The Campaign Genre: Comedy Cast: Will Ferrell, Zach Galifianakis, Jason Sudeikis, Katherine LaNasa, Dylan McDermott, John Lithgow, Dan Aykroyd, Brian Cox and P.J. Byrne Director: Jay Roach
When long-term Congressman Cam Brady (Will Ferrell) commits a major public gaffe before an upcoming election, a pair of unscrupulous power brokers plot to put up a rival candidate and gain influence over their North Carolina district. Their man: naïve Marty Huggins (Zach Galifianakis), director of the local tourism center.
At first, Marty appears to be the unlikeliest possible choice but, with the help of his new benefactors' support and a cutthroat campaign manager, he soon becomes a contender who gives the charismatic Cam plenty to worry about.
As election day closes in, the two are locked in a dead heat, with insults quickly escalating to injury until all they care about is burying each other. It's a mud-slinging, back-stabbing, home-wrecking comedy from "Meet the Parents" director Jay Roach that takes today's political circus to its logical next level. Because, even if you believe campaign ethics have hit rock bottom ... there's still room to dig a whole lot deeper.
The following will open in limited release. It may be several weeks before these films appear in local movie theaters.
2 Days in New York Genre: Comedy, drama and romance Cast: Julie Delpy, Alexia Landeau and Alexandre Nahon Director: Julie Delpy Rated: R
Hip talk-radio host and journalist Mingus (Chris Rock) and his French photographer girlfriend, Marion (Julie Delpy), live cozily in a New York apartment with their cat and two young children from previous relationships.
But when Marion's jolly father (played by Delpy’s real-life dad, Albert Delpy), her oversexed sister, and her sister's outrageous boyfriend unceremoniously descend upon them for an overseas visit, it initiates two unforgettable days of family mayhem. With their unabashed openness and sexual frankness, the triumvirate is bereft of boundaries or filters … and no one is left unscathed in its wake. The visitors push every button in the couple’s relationship, truly putting it to the test. How will the couple fare … when the French come to New York?
Goats Genre: Comedy Cast: David Duchovny, Vera Farmiga, Graham Phillips, Justin Kirk, Ty Burrell, Keri Russell, Anthony Anderson and Dakota Johnson Director: Christopher Neil Rated: R
In “Goats,” Ellis (Graham Phillips) is the most adult member of his eccentric family at 15 years old.

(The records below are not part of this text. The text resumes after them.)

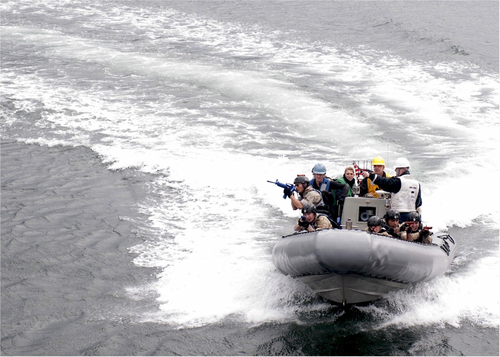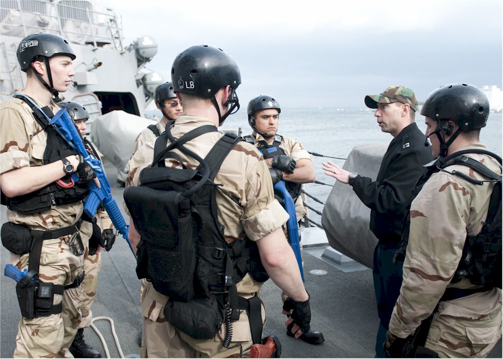 | 206k | 100128-N-8721D-003. Yokosuka, Japan, January 28 2010, sailors assigned to the visit, board, search and seizure (VBSS) team aboard the guided-missile destroyer USS Lassen (DDG 82), perform training during a VBSS exercise. The VBSS team trains on various weapons and boarding procedures to enhance their proficiency skills when boarding and searching vessels. U.S. Navy photo by Mass Communication Specialist 3rd Class Devon Dow. | Robert M. Cieri |
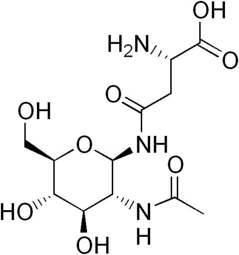 Keywords: Aspartylglucosamine.png chemical structure of aspartylglucosamine Own 19 51 5 June 2008 UTC Edgar181 Amino sugars Glycosides
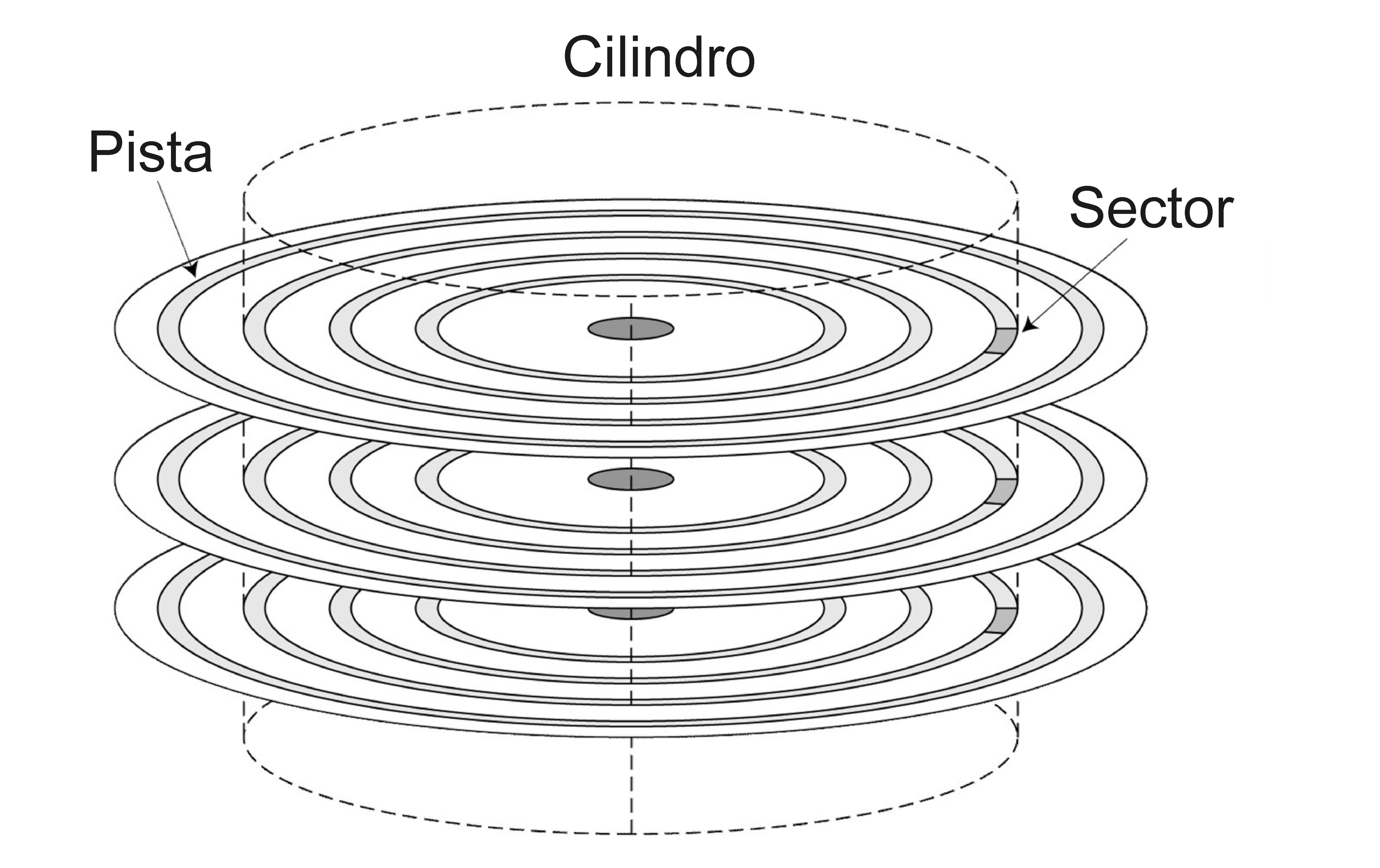 La información del disco en cada plato se organiza en pistas, que son círculos concéntricos con diferentes radios donde se acumulan las partículas magnéticas que almacenan los bits. Se llama cilindro al conjunto de pistas que tienen el mismo radio en todos los platos, es decir, a toda la información a la que se puede acceder sin mover el brazo.

His mom (Vera Farmiga) is a New Age hippie that spends all of her time working on self-help rituals with her hustler boyfriend (Justin Kirk). His dad (Ty Burrell) left home years ago and is more focused on his new wife (Keri Russell) and family. And then there's Goat Man (David Duchovny), the goat-herding sage who has lived in their pool house since Ellis was a child, teaching him the meaning of stability, commitment, and expanding one's mind.
When Ellis decides to leave Tucson to go to the same East Coast prep school that his father went to, he easily assimilates to his new environment – even gaining the attention of a local girl (Dakota Johnson). But as he re-connects with his estranged father, he finds Goat Man's influence and his life out West thrown into stark contrast.
Based on Mark Jude Poirier's best-selling novel, director Christopher Neil's hilarious and poignant film is a witty reversal of the coming of age formula, a beautifully honest portrayal of life with its rough edges, awkward moments and non-endings.